# casting distance?



## RW_20 (Oct 16, 2007)

What do you experienced throwers consider respectable numbers would be with a five once lacrosse ball, using box stock reels like the 525, and 6500ct on off the self rods in the 11- 12 ft hvy range would be? Been working on my distance and would like to have an idea where I should be.


----------



## outfishin28 (Jul 15, 2005)

400 - 500 ft. if you have little technique like me.


----------



## Moon (Feb 24, 2007)

Anything over about 425 feet would be a great start!


----------



## danville (Feb 21, 2004)

If you are throwing a lacrosse ball, anything over 100 yds.


----------



## Kwesi W. (Apr 14, 2006)

400-500ft (measured) with a ball is damn good in my opinion.. If you're casting 500ft with a ball I would imagine you would be in the 650ft-700 range.. Maybe I'm wrong.... 

********** Measuring tape has a way of making a 600ft cast look more like 300ft..


----------



## medicdav66 (Sep 27, 2007)

If you're all ready throwing that far, I'm just gonna go ahead and concede and pay up for the cold beer I will be owing you!


----------



## Mark G (Nov 15, 2004)

danville said:


> If you are throwing a lacrosse ball, anything over 100 yds.


I would have to agree. I have spent a good bit of time with the lacrosse ball, and for me, I have to have a reel dialed in just so and decent conditions to push the ball around 140 yds. An average decent cast is more in the neighborhood of 110-125 yds. 

A good estimate is it will fly about 60-65% as far as 150 gram tournament weight under nuetral conditions, much less if tossing into the wind.


----------



## Kwesi W. (Apr 14, 2006)

I've also found out the hard way that a ball will also throw your timing way off.. If you can try to use lead...


----------



## ReelinRod (May 29, 2003)

I've been watching this thread and boy, I'm glad some conventional guys chimed in and brought this thing back to reality. 

Last thing I need is another applecart to flip over!

I think with "box stock reels" and "off the self rods in the 11- 12 ft hvy range" you should be very happy with 95 to 115 yards. Anything over that you should be thrilled with.


----------



## Kwesi W. (Apr 14, 2006)

Sarge, You're a funny guy! LOL


----------



## ReelinRod (May 29, 2003)

kmw21230 said:


> Sarge, You're a funny guy!

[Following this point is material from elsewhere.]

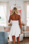This strapless mini dress has lace and ribbon detailing. We love the handkerchief hem.
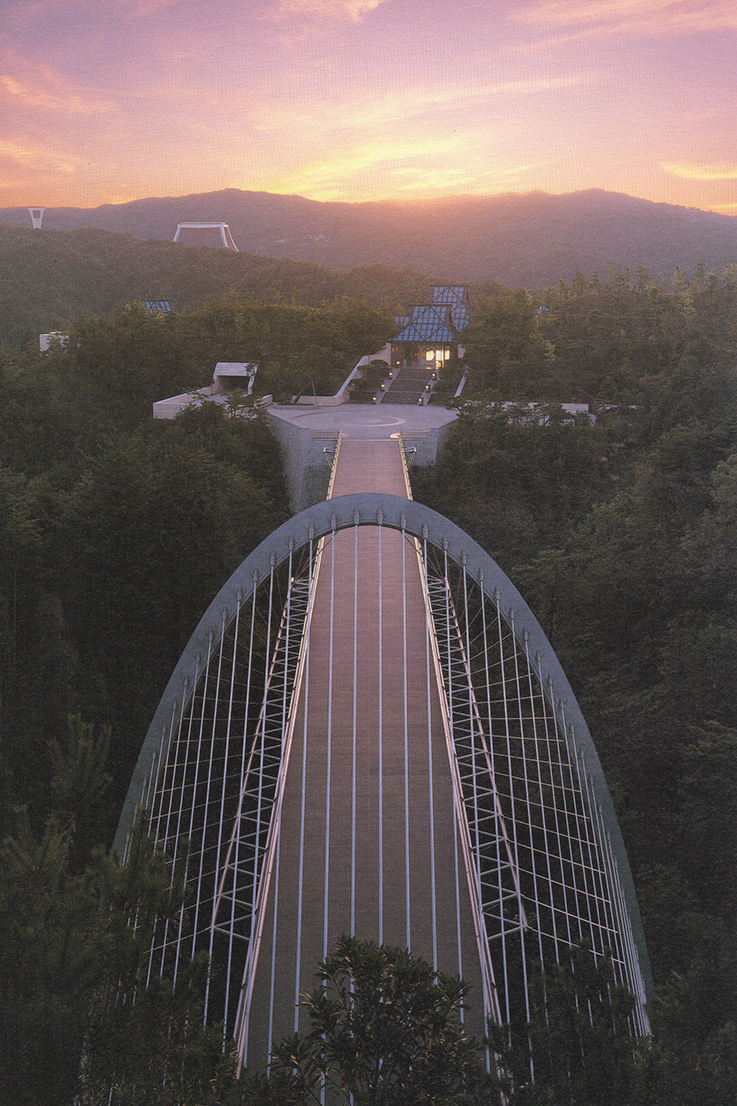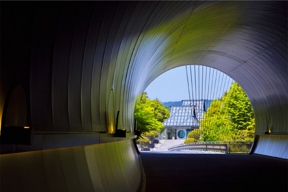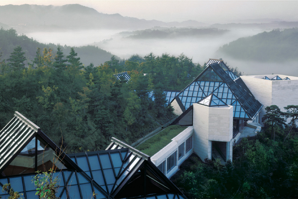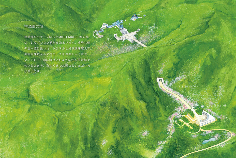 Parisのルーブル美術館を設計した巨匠 I.M.Pei 氏による美術館。その桃源郷というコンセプトを具現化するために、山中においてトンネルを抜け、橋を渡った先に、体積の8割を地中に埋め、数多くの美術品を展示している。大学院生時代から準備作業に関わり、卒業後はそのままプロジェクトチームに参加。最年少者スタッフとして、設計監理、展示計画、サイン計画、備品デザインなどを担当。

LOL


I'm just trying to save Racewire some injury to his self-esteem and then his shoulders (trying to actually cast 500 feet with his lacrosse ball).


----------



## Kwesi W. (Apr 14, 2006)

So you're doing your good deed for today..


----------



## ReelinRod (May 29, 2003)

Yes.

After all, I'm just a lovable, plump







!


----------



## billr87 (Jan 13, 2008)

about time


----------



## billr87 (Jan 13, 2008)

that'll be the day.:fishing::fishing::--|


----------



## 9 rock (Nov 30, 2008)

Sgt_Slough said:


> I've been watching this thread and boy, I'm glad some conventional guys chimed in and brought this thing back to reality.
> 
> Last thing I need is another applecart to flip over!
> 
> I think with "box stock reels" and "off the self rods in the 11- 12 ft hvy range" you should be very happy with 95 to 115 yards. Anything over that you should be thrilled with.


why bother using a rod




9rock


----------



## Mark G (Nov 15, 2004)

I'd imagine it would be very tough to get an accurate measurement on the field, since the ball tends to bounce and roll, tho I guess you could send someone out with a catchers mitt !! 

Just kidding- lest I get someone injured 

I have been able to get reasonable measurements by using kayak/canoe to paddle out milk jugs and using a range finder to set them out on a lake at known distances. The ball makes a big splash- enough to tell if your in the vicinity of the milk jugs- which I place at 10 yard intervals starting at 100 yards out to 130. Their is also a large no wake bouy at 136yds. It takes some decent conditions and good form for me to heave it out that far. 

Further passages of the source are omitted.